Join us every week for a trip into the weird and wonderful world of trailers. Whether it’s the first teaser for the latest installment in your favourite franchise, an obscure preview for a strange indie darling, whether it’s good, bad, ugly or just plain weird – your favourite pop culture baristas are there to tell you what they think.
Everyone at A Damn Fine Cup of Culture hopes that our readers, their families and their friends are doing well. These are strange, worrying times – though if you’re stuck at home or your local cinemas have closed their doors, perhaps our trailers can help you while away the time.
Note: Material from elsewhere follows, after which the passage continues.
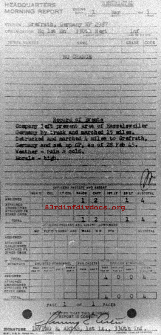 Company left present area of Hasselsweiler, Germany by truck and marched 15 miles. Detrucked and marched 4 miles to Grefrath, Germany and set up CP, as of 28 Feb 45. Weather - rain & cold. Morale - high.

Mege: Do you know someone among your movie-going friends who boasts of having seen Béla Tarr’s seven-hour opus Satantango (1994)? Wanna shut them up? Then go see the eight-hour monolith called The Works and Days (of Tayoko Shiojiri in the Shiotani Basin). I prefer quality before quantity, but if it’s good, you get many hours of cineastic joy. The trailer tells you absolutely nothing about the movie, but what do you expect? It’s less than a third of a percent of the movie. And you will have to take a whole day off.
Julie: On 20 October 2011, the ETA (Euskadi Ta Askatasuna, or Basque Homeland and Liberty) issued a statement declaring its decision for a definitive cessation of its armed activity. In 2018 it announced it had dissolved completely. Between 1968 and 2010, over 800 people had died due to the violence of the Basque separatist group. The new HBO series Patria is the story of two families affected by this violence. It looks about as gutting and painful as you would expect and it looks like the series might do justice to a complicated situation. For all the upheaval, these stories deserve to be told thoughtfully.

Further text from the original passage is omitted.